BY JEANETTE LENOIR
Last week, I stopped at one of my favorite upscale resale shops in Clinton, NY. Dawn Marie’s Treasure’s on Park Row is packed with old, new and eclectic things. I’ve spent hundreds of dollars there since calling the area home in 2008. During this time I thought I had developed some rapport with the owner and her husband. For example, when we see each other we say hello, and engage in small talk. During the holiday season, I have even brought other family members to the small store to shop.
Unfortunately, my stop-in at Dawn Marie’s Treasure’s didn’t go as expected this time. Her husband was at the register instead of Dawn. I said hello and told him I would be browsing in the back. He was busy talking to two other ladies at the register but greeted me and said, OK. As I’m browsing through the winter coats, and following the departure of the ladies, the owner’s husband walked towards me and started to engage me in conversation. He immediately started asking me about my work. I answered politely but was stand-offish because I wasn’t comfortable with his line of questioning. Not satisfied with my answers, he started asking me about my previous position as a journalist and radio talk show host. A position I had 4-years ago. Still feeling uncomfortable with his line of questioning, his tone and demeanor, I politely changed the subject by asking him how he was doing in his life. He apologized for being controversial in his prying and excused himself when the phone rang. Saved by the Bell! I thought, and kept looking through the winter coats.
As I’m shaking my head internally at the ill-mannered audacity of this man, I naturally made my way towards the other clothing rack in the back. This move to the back rack clearly caused some issue for the man who I then hear say in a rushed tone: “I have to go!” to the person on the other end of the phone call he left me to answer. I immediately thought that it was probably because I was no longer in his view. He couldn’t keep his eye on me anymore when I moved from the coat rack to the rack with blazers. My perception was formed by how quickly he got off the phone when I moved, and his tone in delivering, “I have to go!”
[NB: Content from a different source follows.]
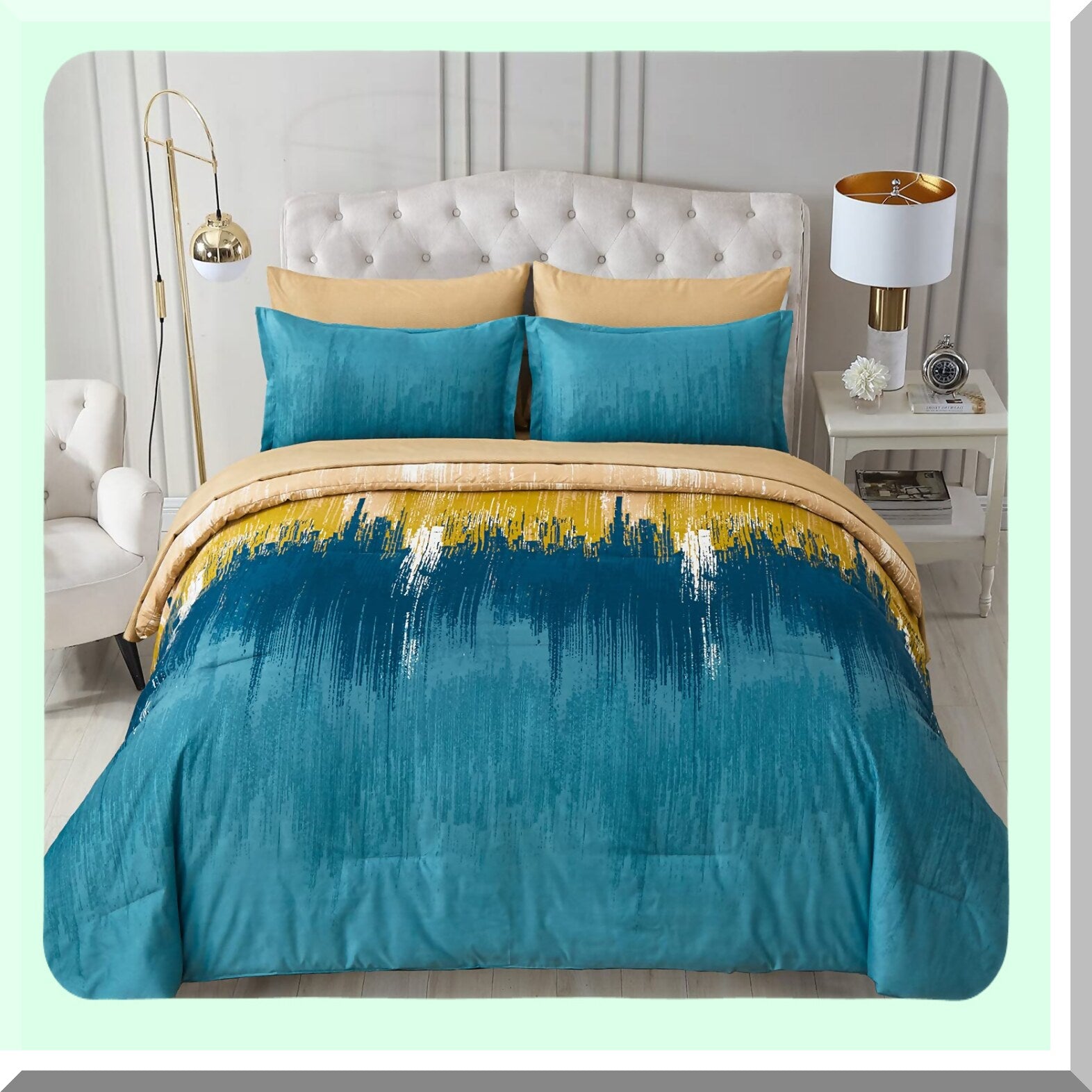 Abstract Teal Gradient 7-Piece Comforter Set - Soft Microfiber Bedding Bundle with Flat Sheet, Fitted Sheet, Pillow Shams, Pillowcases - Artistic Bed in a Bag

After all my visits to the little shop on Park Row, I was hit with a dose of reality… I am perceived as a villain simply because my skin is brown. It didn’t matter that I had become familiar with the shop owners, spent hundreds of dollars at their store, or recommended their shop to friends and family. It was blatant, painful and thought-provoking. I wasn’t just any shopper. I was a black shopper. Trying to remain dignified in this harsh reality and discovery, I maintained my composure, picked out a few items and made my way towards this man who, after getting off the phone, made sure he had both eyeballs on me the entire time I was in the back of the store.
At the register, he started asking me more of his line of controversial and personal questions. By this time, two other people walked in. I took notice that he didn’t seem concerned about their unsupervised presence in the store. They were white. And besides, he had his villain right in front of him. It was me. As he’s checking me out he started asking me about my previous job again. He was making a face like he was trying to remember some juicy tale about my personal life but couldn’t put his finger on it. I just kept giving him a look that I hoped would ward him off, but he kept attacking me with his prying. I asked him why he was peppering me with his questions and he laughed it off as if it was all just a big joke. He then started asking me about my son. He said, “How’s your son? You have a son, right? Didn’t he have some problems?” All of these questions were delivered back to back, in front of the other two customers. They were judgments disguised as questions about me, the villain, the black shopper.
I kept looking at him with dumb-founded amazement. When he stopped to take a breath after his line of questioning, I asked him if he knew my name. He didn’t. I then told him for someone who doesn’t even know my name you certainly seem to think you know a lot about me and my son. He apologized, laughed and said: “You’re right, I’m sorry. I’m being so negative. It’s just that I thought you were some kind of disgruntled person and that your son had some problems or something.”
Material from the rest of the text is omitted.